◆ **SUPPLIED RECORDS**
**********

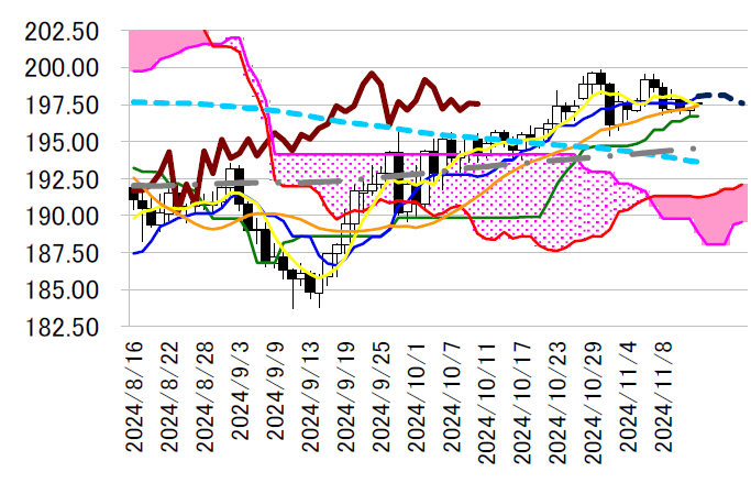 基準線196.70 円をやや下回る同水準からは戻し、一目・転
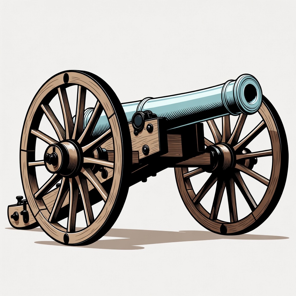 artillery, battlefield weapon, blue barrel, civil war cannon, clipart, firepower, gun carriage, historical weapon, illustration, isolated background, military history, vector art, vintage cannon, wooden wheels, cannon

**********

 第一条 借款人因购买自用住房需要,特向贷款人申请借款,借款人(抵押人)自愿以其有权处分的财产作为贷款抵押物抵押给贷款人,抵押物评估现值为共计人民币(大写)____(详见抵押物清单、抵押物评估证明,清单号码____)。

**********

◆ **WHAT YOU SHOULD DO**
Above are records; repeat only the lines from the line with "基準線196.70 円をやや下回る同水準からは戻し、一目・転" through the line with "artillery, battlefield weapon, blue", and leave pictures out.

◆ **RESPONSE TO THIS EXERCISE**
 基準線196.70 円をやや下回る同水準からは戻し、一目・転
 artillery, battlefield weapon, blue barrel, civil war cannon, clipart, firepower, gun carriage, historical weapon, illustration, isolated background, military history, vector art, vintage cannon, wooden wheels, cannon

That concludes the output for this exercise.